This example creates a distance matrix made of the distance between the CAs of two residues. The only input value is selection used to find the CAs. The distances are stored in the 2D array ``dist'', which is indexed by the atom indices of the CAs (remember, atom indices start at 0).
The distance matrix is a new graphics molecule. It consists of two triangles for each element of the matrix (to make up a square). The color for each pair is one of the 32 elements in the color scale and is determined so the range of distance values fits linearly between 34 and 66 (excluding 66 itself). The name of the graphics is ``CA_distance(n)'' where ``n'' is the molecule id of the selection used to create the matrix.
The first graphics command, ``materials off'' is to keep the lights from reflecting off the matrix (otherwise there is too much glare). At the end, the corners of the matrix are labeled in yellow with the resid values of the CAs.

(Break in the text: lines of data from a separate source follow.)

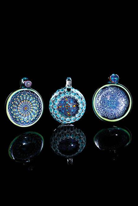 Each member of Team Japan brings their unique style and approach to glass art. Kojima and Miyake are known for their intricate use of pointillism in glass, a first-of-its-kind design, and both are true masters of their craft. Using thousands of dots in tight, intricate patterns, these guys create a larger image from a microcosm of colorful dots. The beautiful patterns are done with such precision that when I first saw one, I couldn’t believe it was man-made. Some are more focused on patterns, while others depict images like Grateful Dead’s Steal Your Face logo or artistic land, sea and skyscapes.
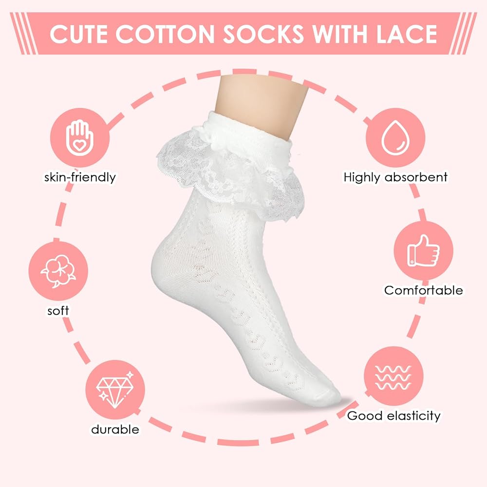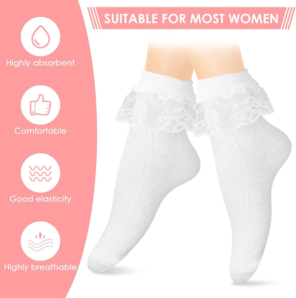 [Soft Fabric] The ruffle socks are made of high-quality cotton and lace, soft and skin-friendly, breathable and comfortable to wear. Our frilly socks women have good elasticity that keep your feet comfortable all day round
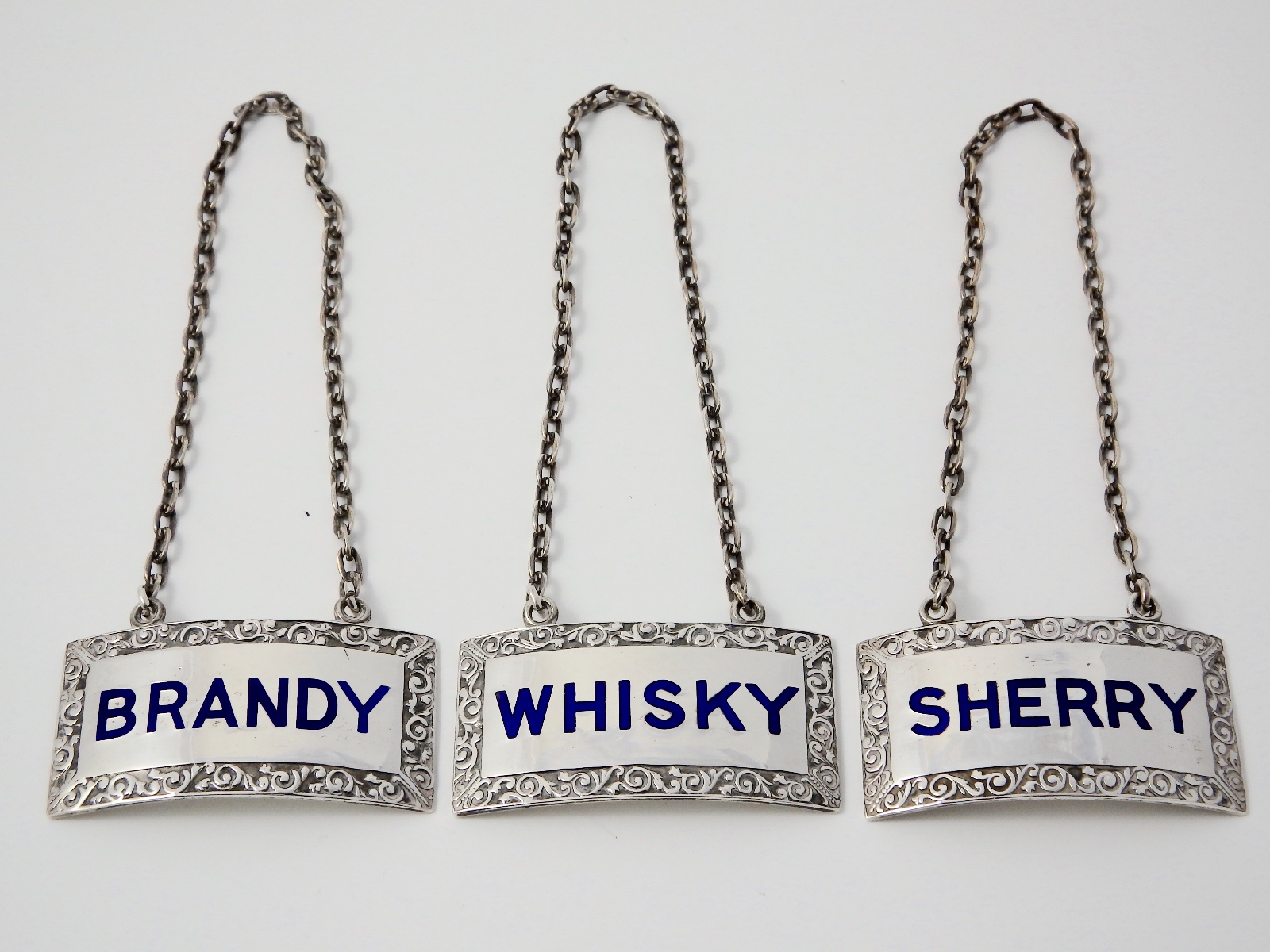 Set of 3 Silver & Enamel Decanter Labels - Birmingham 1971

One extra procedure, ``vecdist'', is created. This computes the difference between two vectors of length 3. It is not as general as the normal method (vecnorm [vecsub $v1 $v2]) but is almost twice as fast, which speeds up the overall subroutine by almost 10%. The script is not very fast; after all, for a 234 residue protein, 27495 distance calculations are made and 54756*2 triangles generated. Nearly all of that is done in Tcl. In terms of times, about 1/3 is spent in the distance calculations, another 1/3 in the math to make the triangles, and another 1/3 in the three ``graphics'' calls. The residue 234 example protein took 70 seconds to do everything on a Crimson.
Example usage:
mol load pdb $env(VMDDIR)/proteins/alanin.pdb set sel [atomselect top all] ca_distance $sel
# Input: two vectors of length three (v1 and v2)
# Returns: ||v2-v1||
proc vecdist {v1 v2} {
lassign $v1 x1 x2 x3
lassign $v2 y1 y2 y3
return [expr sqrt(pow($x1-$y1,2) + pow($x2-$y2,2) + pow($x3-$y3, 2))]
}
\index{atom!coordinates}
\index{atomselect!command}
# Input: a selection
# Does: finds the CAs in the selection then computes and draws the
# CA-CA distance grid with colors based on the color scale
# Returns: the id of the new graphics molecule containing the grid
proc ca_distance {main_sel} {
# get the CA atoms from the selection
set mol [$main_sel molindex]
set sel [atomselect $mol "@$main_sel and name CA"]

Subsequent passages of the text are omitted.